Вот это да! Вот это ответ!.. Я же должен ее благодарить!.. О, великое мастерство театральных людей лукавить, лгать прямо в глаза и при этом — любить человека, которого сейчас обманываешь, быть с ним в нежнейших дружбах, сохранять при любых обстоятельствах приветливость и расположенность, — что все это?
Я повернулся и ушел. Я, повторяю, в тот момент был “свой” человек для Дины Морисовны, я не мог горделиво взбрыкнуть, потому что ставил свой самый любимый, самый драгоценный спектакль в
ихтеатре. Я был целиком зависим от них. И я не мог, не имел права ссориться со своими работодателями. Хочешь не хочешь, я оказывался на их же уровне.Надо отдать должное Дине Морисовне. Несколько раз, и всегда публично, она потом как бы невзначай бросала фразу-другую о том, как, мол, благородно вел себя Марк: “из-за нас” — она именно так формулировала — его три года не принимали в Союз писателей, а он тем не менее не устроил нам никакого скандала.
— Откуда вы знаете про Союз? — удивился я.
— Как откуда?.. Нас Арбузов расспрашивал!
Вот оно что!.. Значит, не расскажи вам Арбузов о своих разговорах с Ильиным, может быть, никогда пьесы Платонова не были бы возвращены, даже если случайно нашлись бы. Вот почему — уж очень острота вопроса вас смущала — о находке в депутатском сейфе мне было рассказано. Так что нет худа без добра.
В похвалах Дины Морисовны в мой адрес висела скрытая оценка моего поведения — Главный явно давал мне понять, что мое “благородство” не осталось им не замеченным. И за это Дина Морисовна делала извинительный реверанс в мою сторону. Ведь “благородным” хотелось остаться в этой истории и Гоге!
— Что нужно теперь сделать? — спросила Дина Морисовна. — Мы все для вас сделаем — скажите только что.
— Напишите письмо на имя Марии Александровны, — подсказал я. — О том, что пьесы были у вас все это время и теперь только нашлись!
— Хорошо.
И такое письмо было написано и отдано мне для передачи вдове Платонова.

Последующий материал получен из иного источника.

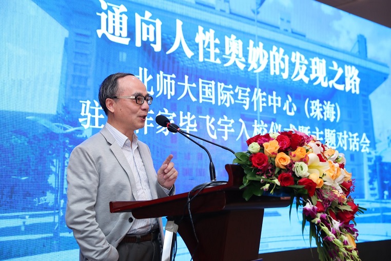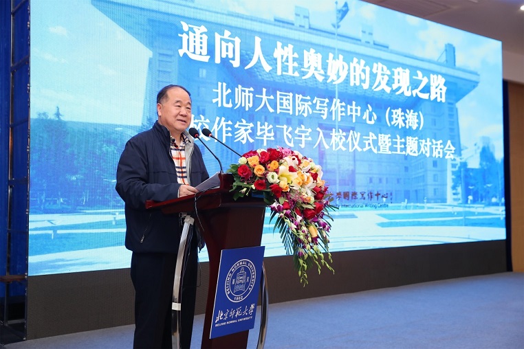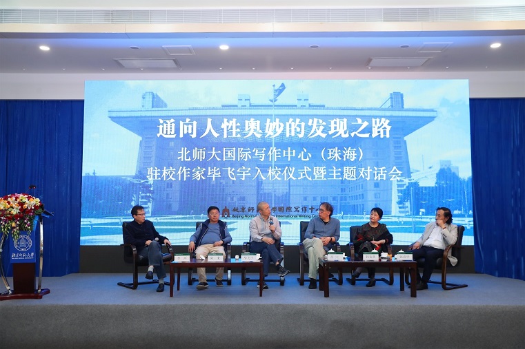 4月14日上午,“通向人性奧妙的發(fā)現(xiàn)之路:北師大國際寫作中心(珠海)駐校作家畢飛宇入校儀式暨主題對話會”在北師大珠海校區(qū)舉行。自2013年北師大寫作中心引入駐校作家制度以來,先后邀請了賈平凹、余華、嚴(yán)歌苓、歐陽江河、蘇童、西川、遲子建、翟永明、格非、韓少功等10位駐校作家,推動了文學(xué)教育事業(yè)的蓬勃開展。今年,知名作家畢飛宇也加入到駐校作家的行列,在入校儀式上,北師大國際寫作中心主任莫言、珠海分校副校長傅愛蘭為畢飛宇頒發(fā)聘書,儀式由北京師范大學(xué)國際寫作中心執(zhí)行主任張清華主持。

Будучи в Москве, я прочитал его прежде всего по телефону Марии Александровне, сказавшей, что не надо ей никакого письма привозить домой, она мне и так верит.
— Вы-то верите, но как довести его до сведения Ильина? — спросил я.
— Я позвоню ему, — пообещала она.
Не знаю уж, звонила ли она этому служаке Ильину, — вскоре его сняли (или он ушел на пенсию, что в наших условиях означает нередко одно и то же), но Арбузову я счел нужным показать подлинник письма.
— Сходите к Ильину, — повторил он свой совет.